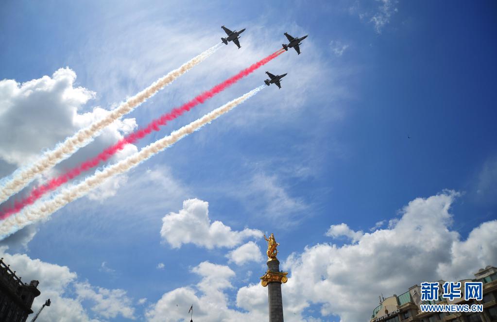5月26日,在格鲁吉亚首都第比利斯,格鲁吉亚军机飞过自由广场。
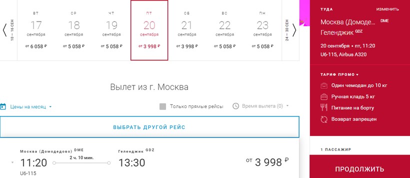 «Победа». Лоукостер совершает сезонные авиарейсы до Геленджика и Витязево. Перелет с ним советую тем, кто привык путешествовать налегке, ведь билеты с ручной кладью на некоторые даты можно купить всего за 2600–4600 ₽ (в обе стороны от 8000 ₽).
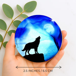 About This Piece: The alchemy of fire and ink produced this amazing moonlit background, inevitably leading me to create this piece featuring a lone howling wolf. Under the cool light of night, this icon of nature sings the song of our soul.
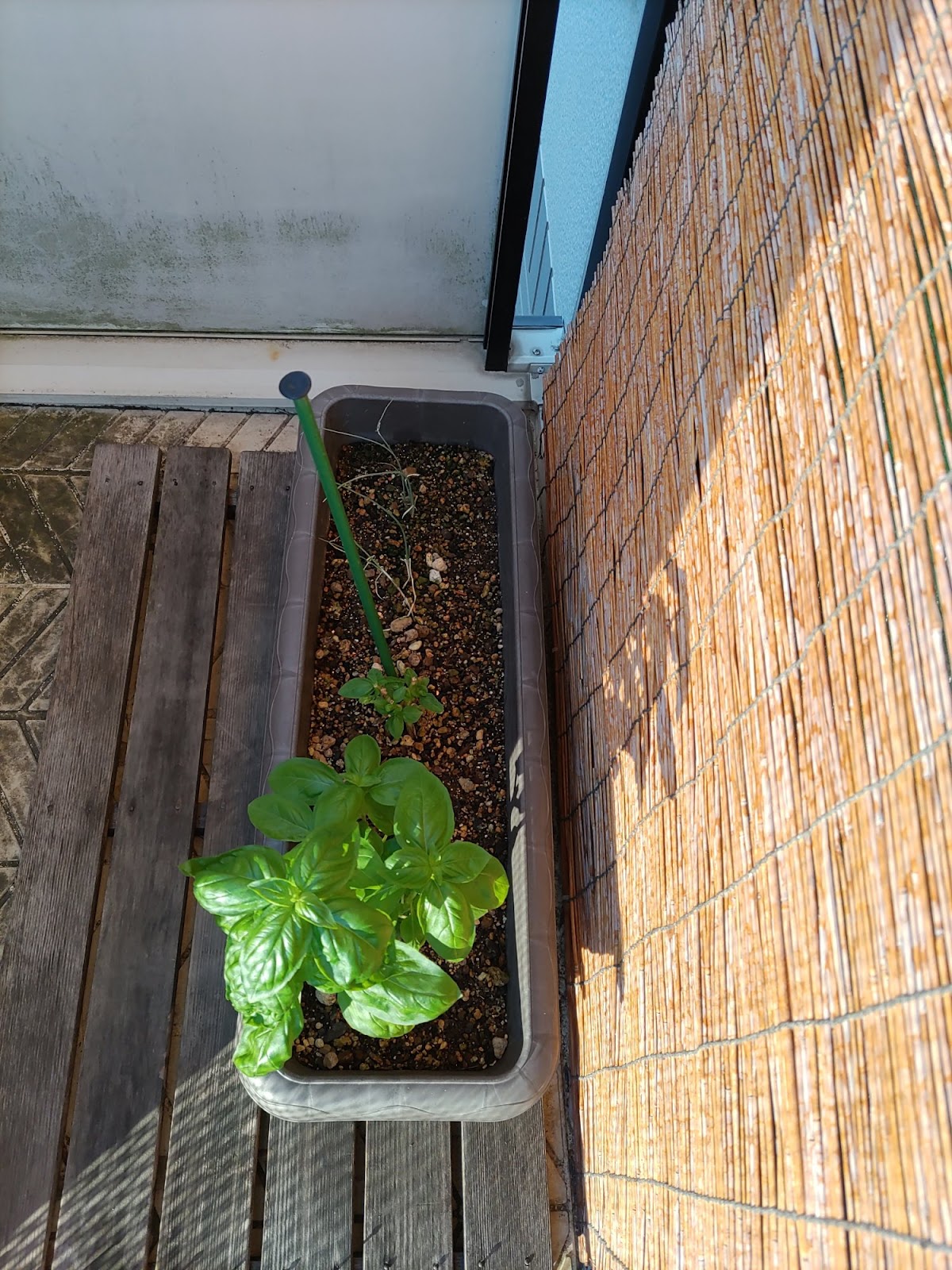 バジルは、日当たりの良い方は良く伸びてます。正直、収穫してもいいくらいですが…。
================================
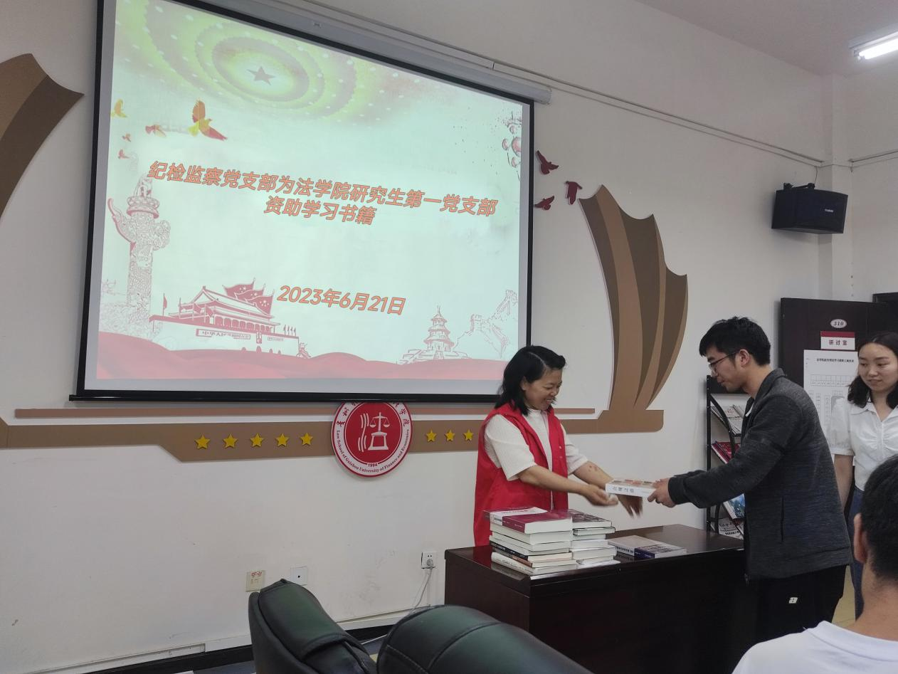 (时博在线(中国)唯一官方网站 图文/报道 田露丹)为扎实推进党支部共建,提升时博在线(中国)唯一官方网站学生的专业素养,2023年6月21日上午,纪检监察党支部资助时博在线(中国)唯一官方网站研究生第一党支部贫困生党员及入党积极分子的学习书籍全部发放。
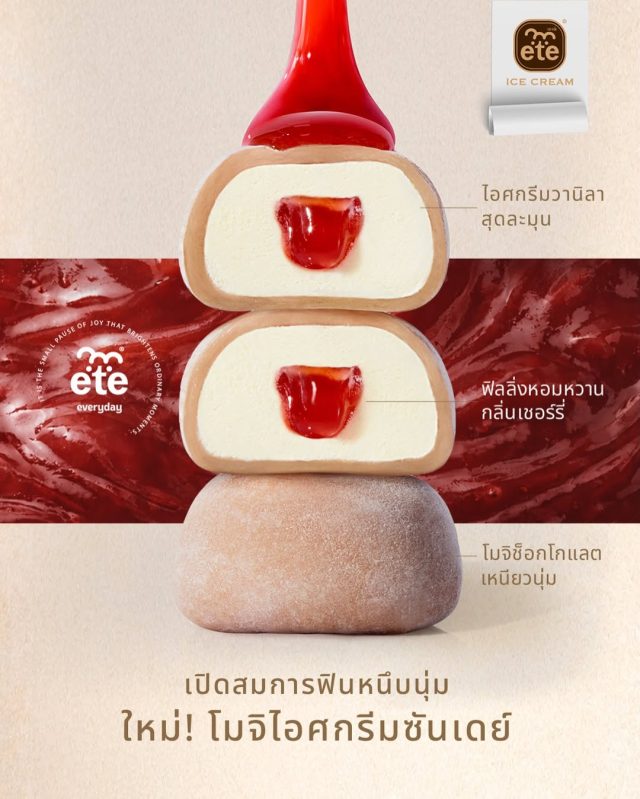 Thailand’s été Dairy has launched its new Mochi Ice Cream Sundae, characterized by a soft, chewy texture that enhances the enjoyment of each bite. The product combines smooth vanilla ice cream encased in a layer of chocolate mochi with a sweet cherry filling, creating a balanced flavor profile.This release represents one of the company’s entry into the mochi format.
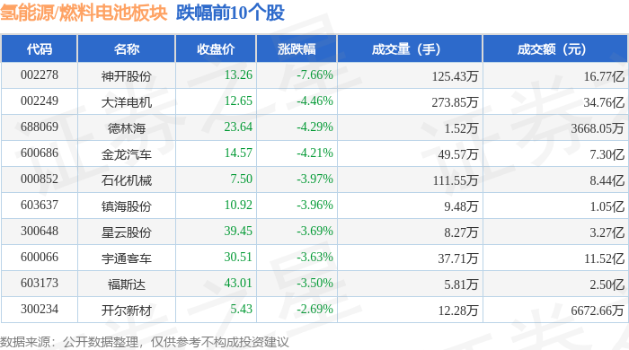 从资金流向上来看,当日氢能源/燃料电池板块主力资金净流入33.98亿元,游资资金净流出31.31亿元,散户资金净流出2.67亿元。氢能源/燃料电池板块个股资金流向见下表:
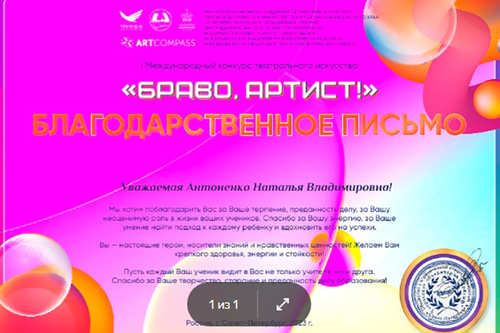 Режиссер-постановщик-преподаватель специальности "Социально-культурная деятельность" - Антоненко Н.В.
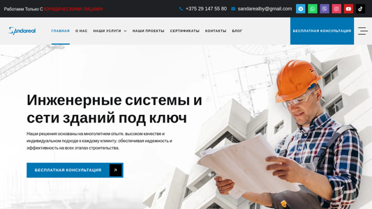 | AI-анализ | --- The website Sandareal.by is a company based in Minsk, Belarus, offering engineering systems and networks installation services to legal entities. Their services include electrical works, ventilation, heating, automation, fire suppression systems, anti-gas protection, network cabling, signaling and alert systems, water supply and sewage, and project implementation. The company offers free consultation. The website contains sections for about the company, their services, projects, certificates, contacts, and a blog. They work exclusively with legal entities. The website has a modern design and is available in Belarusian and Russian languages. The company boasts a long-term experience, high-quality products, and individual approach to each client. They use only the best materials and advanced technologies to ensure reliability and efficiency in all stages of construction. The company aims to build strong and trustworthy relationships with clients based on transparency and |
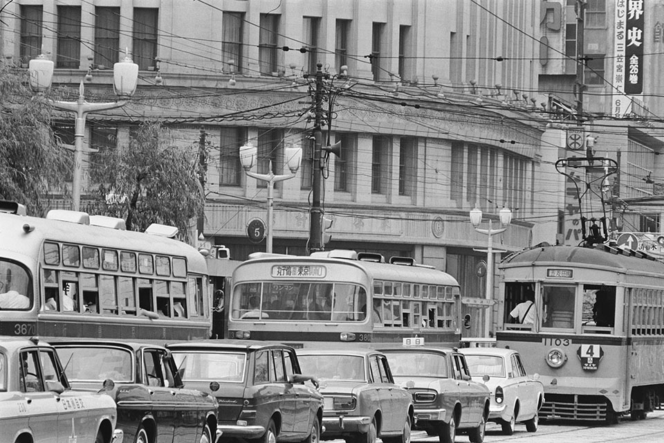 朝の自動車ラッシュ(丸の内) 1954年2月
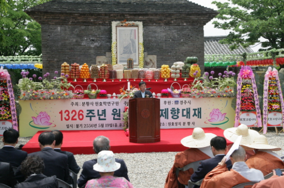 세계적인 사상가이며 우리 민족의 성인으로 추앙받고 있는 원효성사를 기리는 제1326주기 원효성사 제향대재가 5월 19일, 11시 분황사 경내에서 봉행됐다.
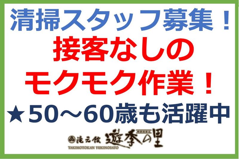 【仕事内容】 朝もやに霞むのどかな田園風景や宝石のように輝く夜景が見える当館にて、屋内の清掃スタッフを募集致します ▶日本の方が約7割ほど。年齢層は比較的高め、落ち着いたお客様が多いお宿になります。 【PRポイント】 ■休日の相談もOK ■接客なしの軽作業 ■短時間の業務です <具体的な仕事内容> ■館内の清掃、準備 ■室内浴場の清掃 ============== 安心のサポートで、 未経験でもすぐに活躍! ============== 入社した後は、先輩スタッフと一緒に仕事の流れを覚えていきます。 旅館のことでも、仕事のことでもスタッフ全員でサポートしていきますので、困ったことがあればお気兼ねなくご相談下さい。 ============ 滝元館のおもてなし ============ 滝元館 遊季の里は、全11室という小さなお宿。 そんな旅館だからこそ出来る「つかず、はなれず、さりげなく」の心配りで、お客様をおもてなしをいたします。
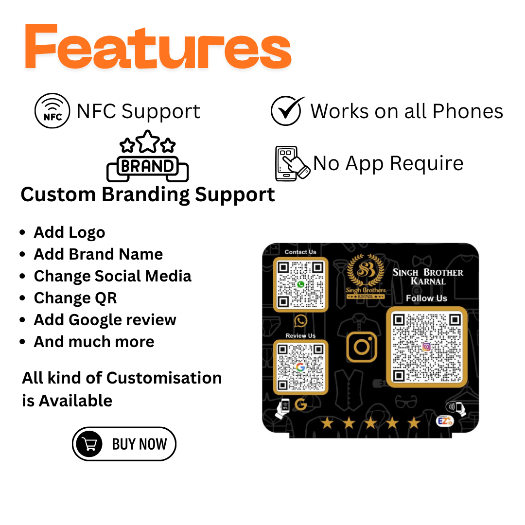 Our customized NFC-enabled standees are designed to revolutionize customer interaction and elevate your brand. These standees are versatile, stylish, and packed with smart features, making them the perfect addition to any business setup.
================================
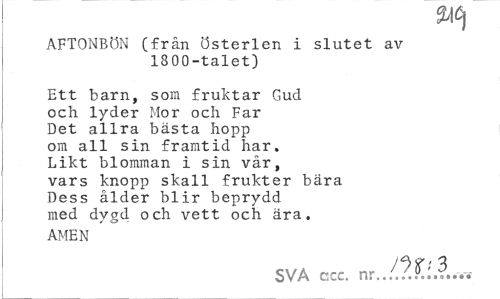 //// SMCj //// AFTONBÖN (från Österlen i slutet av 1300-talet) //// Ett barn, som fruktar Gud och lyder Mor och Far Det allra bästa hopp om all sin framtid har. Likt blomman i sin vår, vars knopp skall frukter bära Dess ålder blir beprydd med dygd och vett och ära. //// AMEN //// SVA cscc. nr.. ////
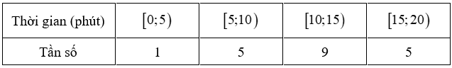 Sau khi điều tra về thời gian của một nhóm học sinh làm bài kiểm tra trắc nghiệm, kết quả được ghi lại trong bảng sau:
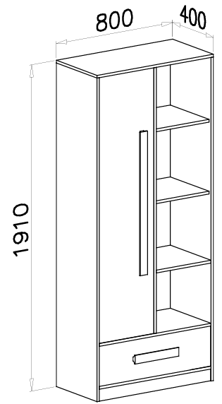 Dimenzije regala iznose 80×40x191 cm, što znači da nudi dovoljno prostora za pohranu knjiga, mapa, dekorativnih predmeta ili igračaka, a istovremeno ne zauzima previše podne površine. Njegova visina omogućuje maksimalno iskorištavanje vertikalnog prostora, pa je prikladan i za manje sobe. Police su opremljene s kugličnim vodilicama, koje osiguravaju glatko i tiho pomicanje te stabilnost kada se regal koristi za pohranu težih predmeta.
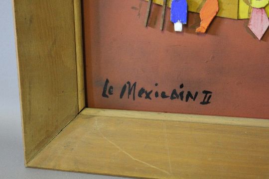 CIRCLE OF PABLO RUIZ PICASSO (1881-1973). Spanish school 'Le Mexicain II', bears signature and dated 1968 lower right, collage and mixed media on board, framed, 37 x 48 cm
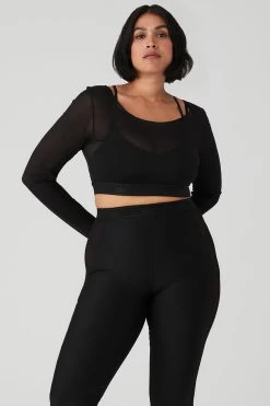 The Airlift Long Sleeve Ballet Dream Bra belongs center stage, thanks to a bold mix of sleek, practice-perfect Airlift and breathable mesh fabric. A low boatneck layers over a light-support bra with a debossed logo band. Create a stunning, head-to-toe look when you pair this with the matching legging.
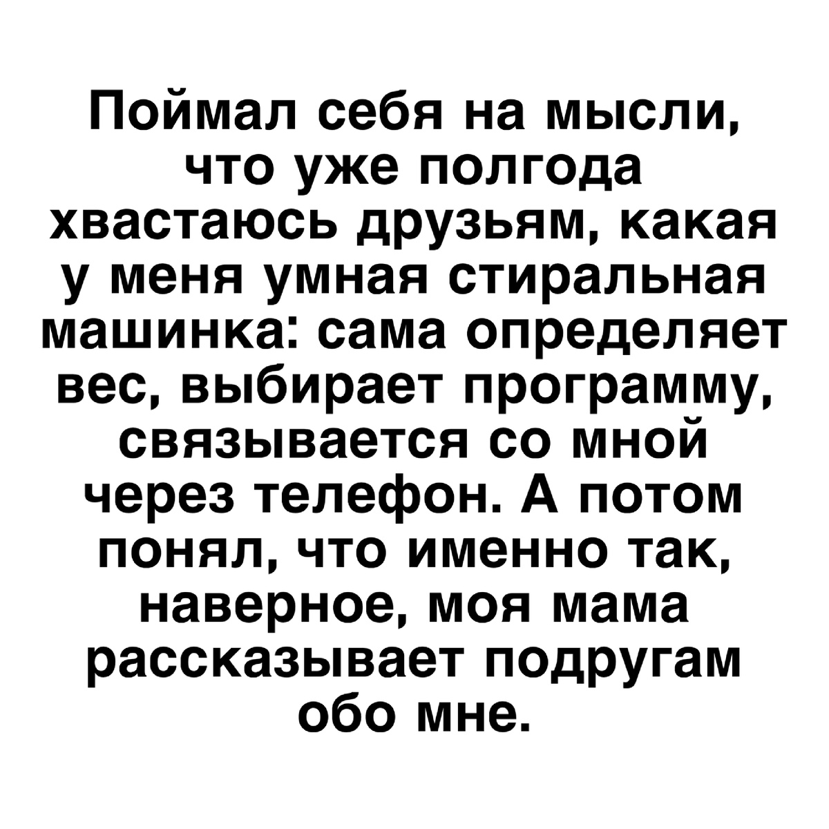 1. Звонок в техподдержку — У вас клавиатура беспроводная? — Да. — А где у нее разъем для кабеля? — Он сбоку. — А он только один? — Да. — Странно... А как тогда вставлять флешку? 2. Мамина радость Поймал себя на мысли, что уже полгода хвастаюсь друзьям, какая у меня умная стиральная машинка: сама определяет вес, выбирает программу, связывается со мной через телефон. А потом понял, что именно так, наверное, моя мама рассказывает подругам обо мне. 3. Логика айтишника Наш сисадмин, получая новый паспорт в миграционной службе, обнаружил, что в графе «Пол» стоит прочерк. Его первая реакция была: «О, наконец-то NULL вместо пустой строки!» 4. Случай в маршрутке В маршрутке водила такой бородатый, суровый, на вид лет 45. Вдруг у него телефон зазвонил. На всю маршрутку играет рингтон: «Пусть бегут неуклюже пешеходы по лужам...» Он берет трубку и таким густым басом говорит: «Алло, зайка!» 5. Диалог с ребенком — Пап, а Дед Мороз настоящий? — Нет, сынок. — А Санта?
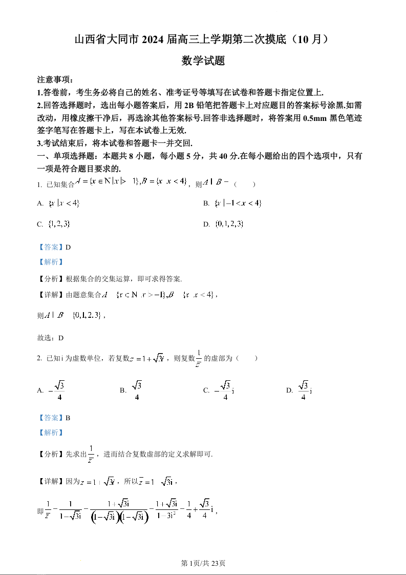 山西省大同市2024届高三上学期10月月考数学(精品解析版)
================================
## Assignment
Please transcribe exactly the part of the records that opens with the line containing "朝の自動車ラッシュ(丸の内) 1954年2月" and closes with the line containing "세계적인 사상가이며 우리", both ends included, and leave out the pictures.

## Result for this exercise
 朝の自動車ラッシュ(丸の内) 1954年2月
 세계적인 사상가이며 우리 민족의 성인으로 추앙받고 있는 원효성사를 기리는 제1326주기 원효성사 제향대재가 5월 19일, 11시 분황사 경내에서 봉행됐다.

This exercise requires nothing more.